Childe wszedł do sql, i od razu wpierdol dostał, bo jest rudy lol. Popłakał się i poszedł do higienistki, gdzie spotkał Zhongliego. Wyżalił mu się, na co Morax go wyśmiał.
- Mnie też napierdalali, jak byłem dzieckiem lol. I żyję. Ja umiem sb poradzić, ogarnij się. Dbr nara, essa. - powiedział okrutnie Żonkilek, i spierdolił, jak twój stary po mleko. Rudy was too stunned to speak.
Był smutny, że każdy ma wyjebane na niego, więc sb płakał dalej lol, po czym higienistka go wypierdoliła z pomieszczenia. Rudy postanowił, że zemści się za swoje cierpienie i zostanie niezależnym wilkiem sigmą òwó. No i tak rozpoczęła się jego przygoda w liceum chujanki.

Teraz miała być historia, więc Rudy zdecydował, że będzie bad boy i zaczął zarywać do swojego nauczyciela. Żonkil czerwienił się, jak buraki w ogrodzie twojej starej. Besties rudego mu kibicowali w podboju chłodnego serca nauczyciela historii. Konon miał fangirl moment i narysował fanart żonkil x rudy. Majorek napisał fanfik, a Johan spierdolił z historii, bo np mu się skończyły. Doktorek z tyłu klasy po cichu wydzwaniał do Johana, żeby wiedzieć dokąd spierdolił i czemu.
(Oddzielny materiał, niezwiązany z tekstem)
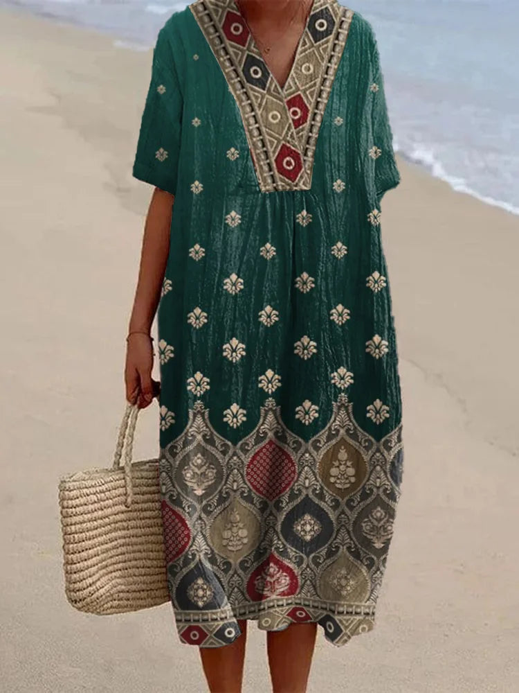 Dámské etnické bohémské květinové šaty ze směsi lnu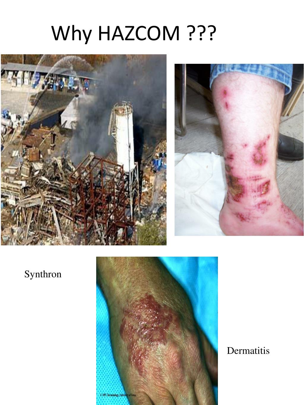 GLOBALLY HARMONIZED. Chemical Safety on the Job. 11-2011. Why HAZCOM ???. Synthron. Dermatitis. Global Harmonization. Adopted 4-26-2012 New MSDS (New name SDS Safety Data Sheet. 1. Standardized format and information 2. 16 Sections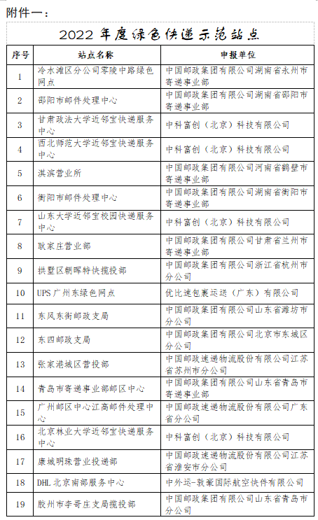 附件:1.2022年度绿色快递示范站点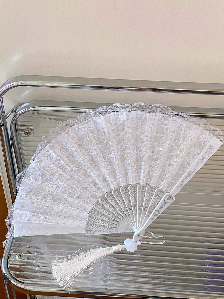 New Chinese Hanfu Cheongsam Lace Tassel Small Fan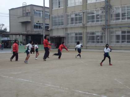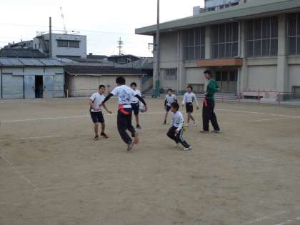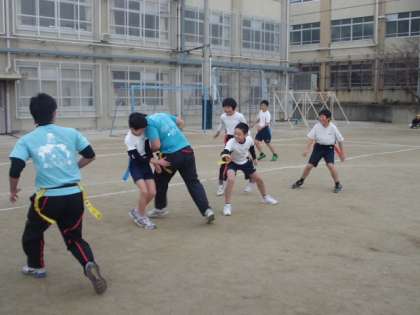 子どもたちは,タグラグビーの試合に参加しました。6年生の体育の学習で,何度も練習してきたこともあって,試合はなかなかスムーズに進められたと思います。でも,やっぱり高校生のみなさんは大きい!ディフェンス,パス,スピード・・・高い技術を間近で見させていただきました。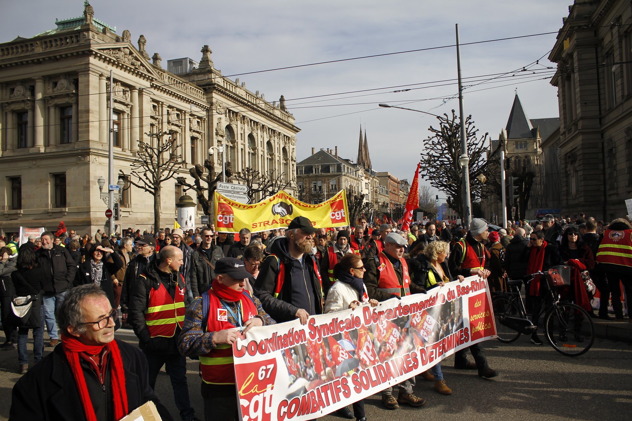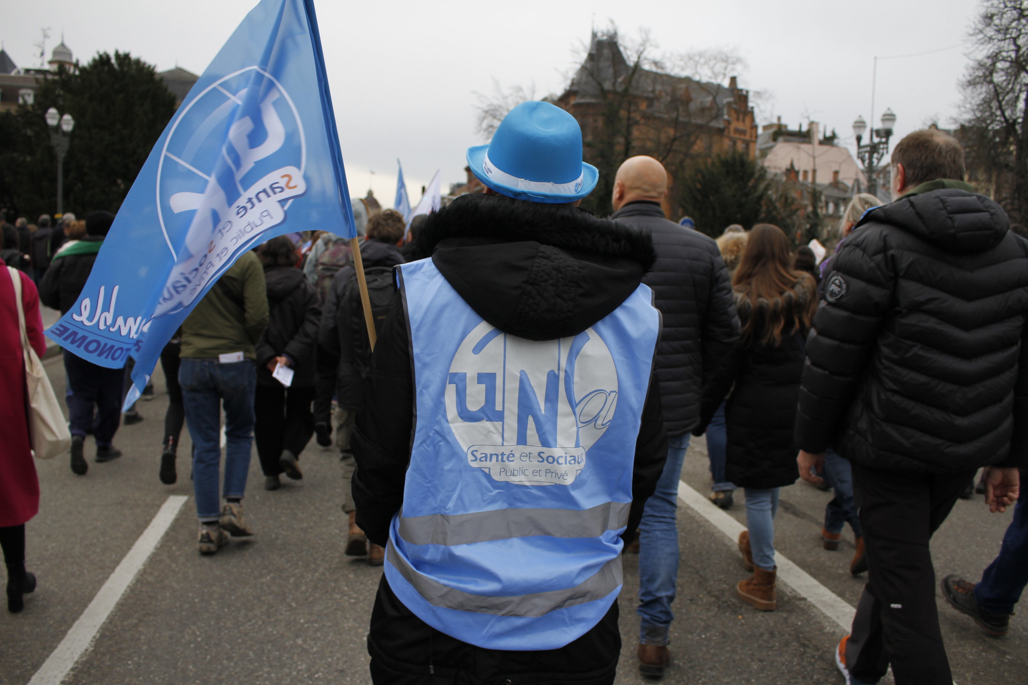 Le cortège avance doucement, sous un soleil presque printanier. Entre les chanteurs de la CGT sur leur camion, et les groupes épars de manifestants, venus parfois protester en famille – boules Quies de rigueur dans les oreilles des enfants – il y a la bande de Marie. L’infirmière en psychiatrie à l’Epsan de Brumath a tenu à changer son prénom, et ne souhaite pas apparaître en photo. « Le climat est trop compliqué là-bas », glisse la maman de deux enfants, aux traits marqués par la fatigue d’un métier difficile.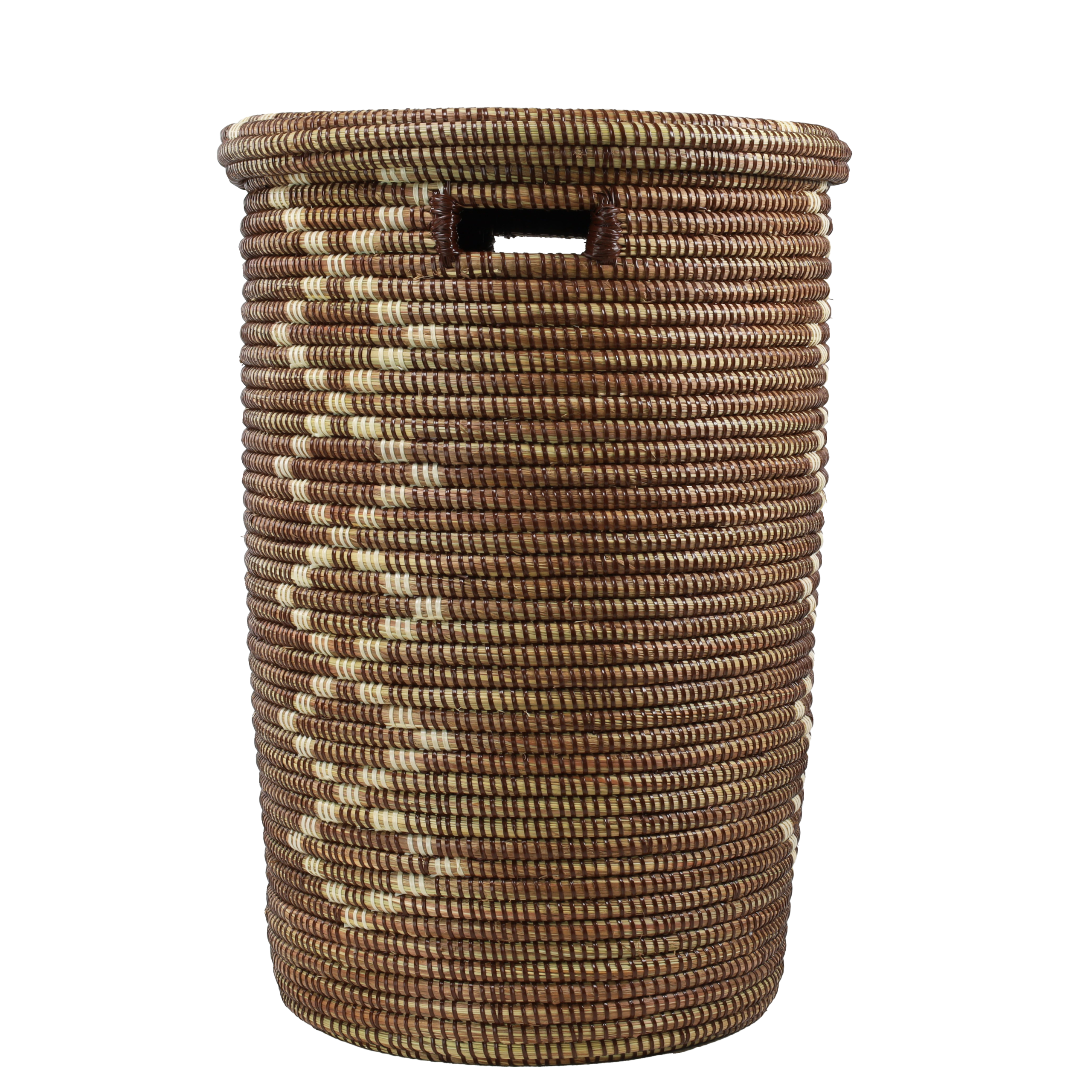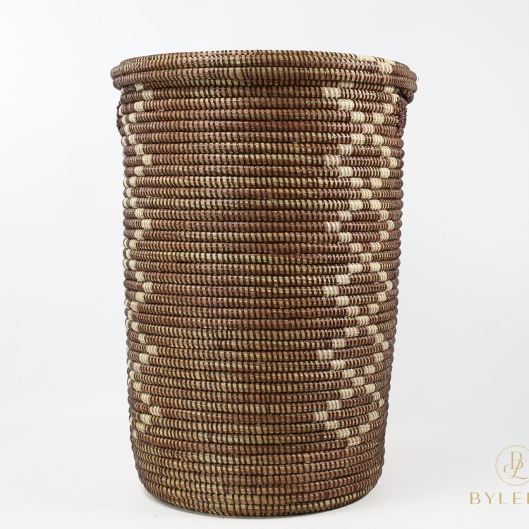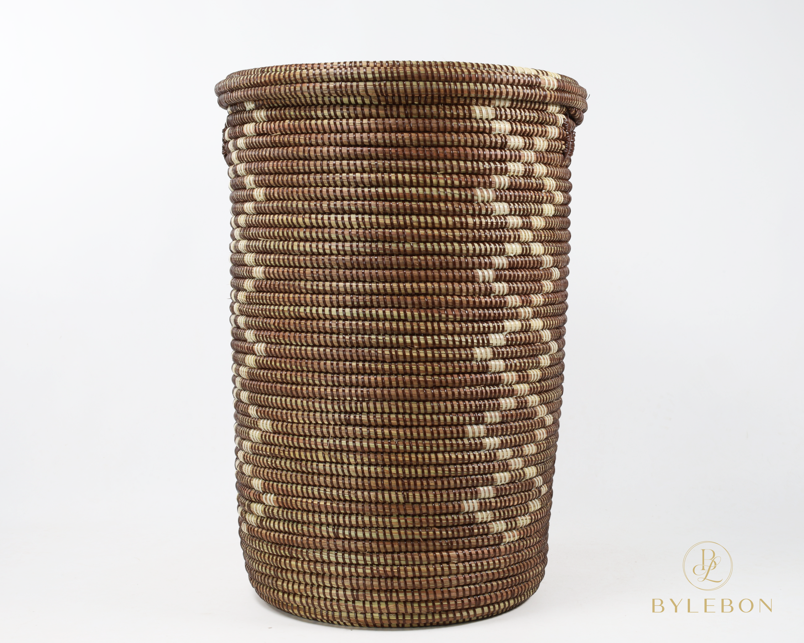 De Wasmand met deksel – ZigZag combineert praktisch gebruik met een moderne uitstraling. De mand is handgevlochten in een warme bruine tint en heeft een strak zigzag patroon dat direct opvalt maar toch rustig blijft in het interieur. Met een diameter van ca. 40 cm en een hoogte van ca. 60 cm biedt de mand voldoende ruimte voor kleding, handdoeken of beddengoed.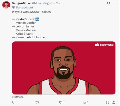 此役后杜蘭特成為NBA歷史上第六位達(dá)成32000分的球員,杜蘭特、喬丹、詹姆斯、馬龍、科比、天勾賈巴爾。當(dāng)然,他也是現(xiàn)役第二位達(dá)到32000分的球員。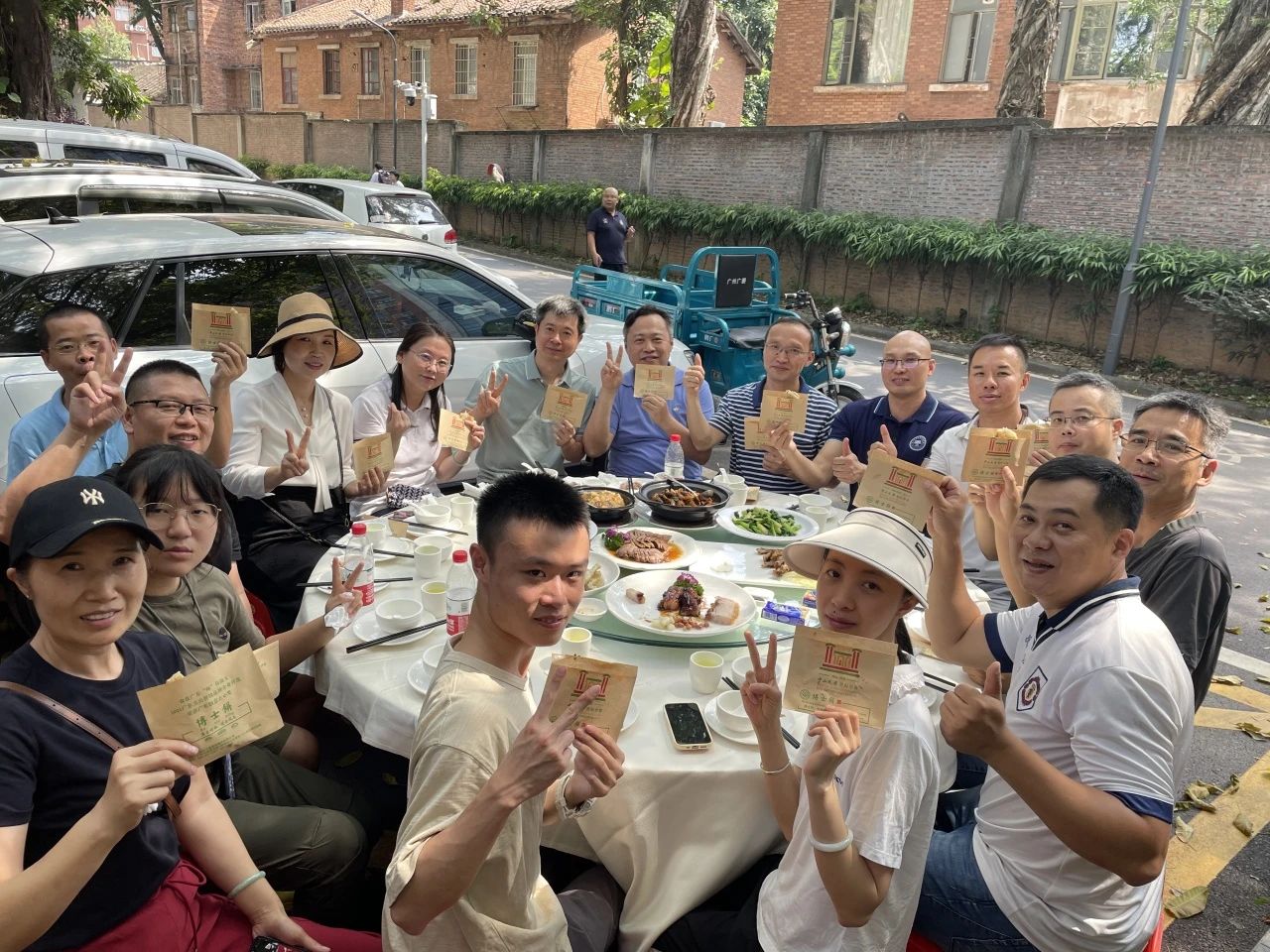 顺利拍完祝福视频和照片后,校友们去康乐园进行午宴。校道旁,大树下,大家一边吃着中大独有的博士饼,一边回忆着过去的校园生活。笑声此起彼伏,那段无忧无虑的时光,一起奋斗的日日夜夜,宿舍里的欢笑,课堂上的趣事,仿佛历历在目。一砖一瓦,一草一木,仿佛都沉醉在这段珍贵的交流中,见证着94级生化班和微生物班的校友们友谊的延续。

Prawie się poryczał z wkurwienia, bo nie odbierał i nie odpisywał. Xiao dzisiaj zrobił sobie wolne, bo chciał być cool w dzień wagarowicza. Sad emo broken wap. Hu Tao myślała, że ten dzień jest dla wszystkich i do roboty nie przyszła lol. Ale opierdolu nie dostała, bo to ona prowadzi zakład big brain.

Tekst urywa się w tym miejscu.